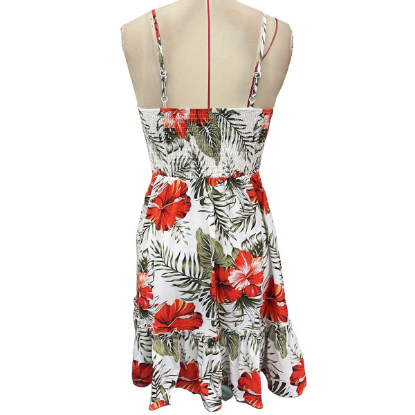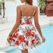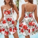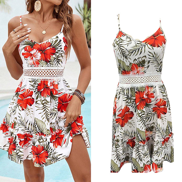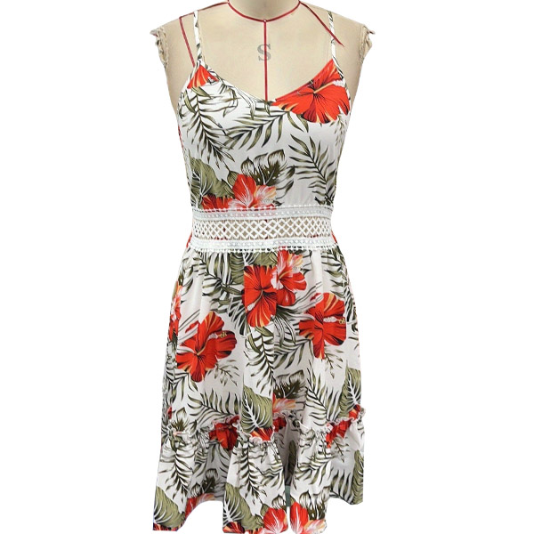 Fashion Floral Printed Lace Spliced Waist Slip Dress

--

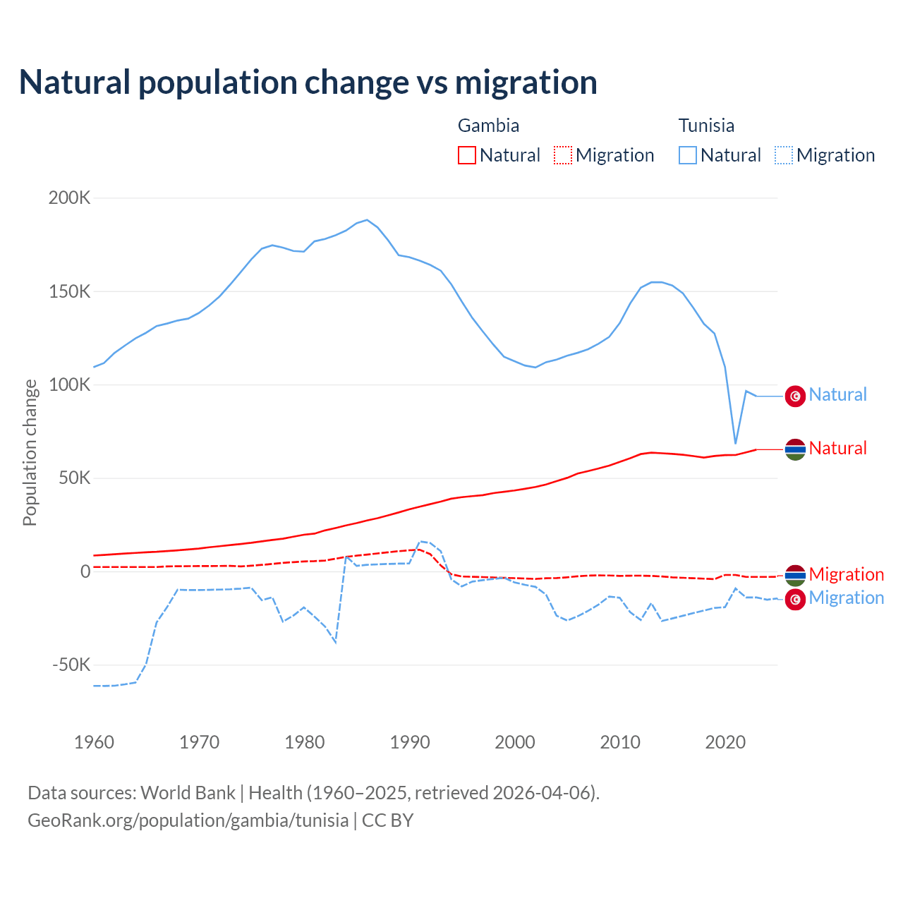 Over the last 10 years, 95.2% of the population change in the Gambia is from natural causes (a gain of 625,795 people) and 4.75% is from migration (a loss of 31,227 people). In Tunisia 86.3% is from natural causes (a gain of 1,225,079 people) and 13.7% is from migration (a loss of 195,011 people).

* * *

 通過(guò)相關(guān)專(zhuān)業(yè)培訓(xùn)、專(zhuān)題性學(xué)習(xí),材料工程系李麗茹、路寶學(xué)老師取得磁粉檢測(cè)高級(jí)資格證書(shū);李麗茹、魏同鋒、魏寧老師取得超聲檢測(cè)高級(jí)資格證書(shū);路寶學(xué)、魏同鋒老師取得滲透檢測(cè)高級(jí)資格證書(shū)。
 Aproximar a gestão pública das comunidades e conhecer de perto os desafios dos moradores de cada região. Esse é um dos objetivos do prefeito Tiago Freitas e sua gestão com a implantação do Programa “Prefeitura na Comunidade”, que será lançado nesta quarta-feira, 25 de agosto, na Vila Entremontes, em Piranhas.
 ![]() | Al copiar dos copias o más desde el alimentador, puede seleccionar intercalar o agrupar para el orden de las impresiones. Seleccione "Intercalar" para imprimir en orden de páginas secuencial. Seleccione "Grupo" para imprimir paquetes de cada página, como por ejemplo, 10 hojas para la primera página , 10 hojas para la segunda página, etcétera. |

> **What the task asks**
Please copy every line in the entries where "cada" appears.

> **Written reply**
 Aproximar a gestão pública das comunidades e conhecer de perto os desafios dos moradores de cada região. Esse é um dos objetivos do prefeito Tiago Freitas e sua gestão com a implantação do Programa “Prefeitura na Comunidade”, que será lançado nesta quarta-feira, 25 de agosto, na Vila Entremontes, em Piranhas.
 ![]() | Al copiar dos copias o más desde el alimentador, puede seleccionar intercalar o agrupar para el orden de las impresiones. Seleccione "Intercalar" para imprimir en orden de páginas secuencial. Seleccione "Grupo" para imprimir paquetes de cada página, como por ejemplo, 10 hojas para la primera página , 10 hojas para la segunda página, etcétera. |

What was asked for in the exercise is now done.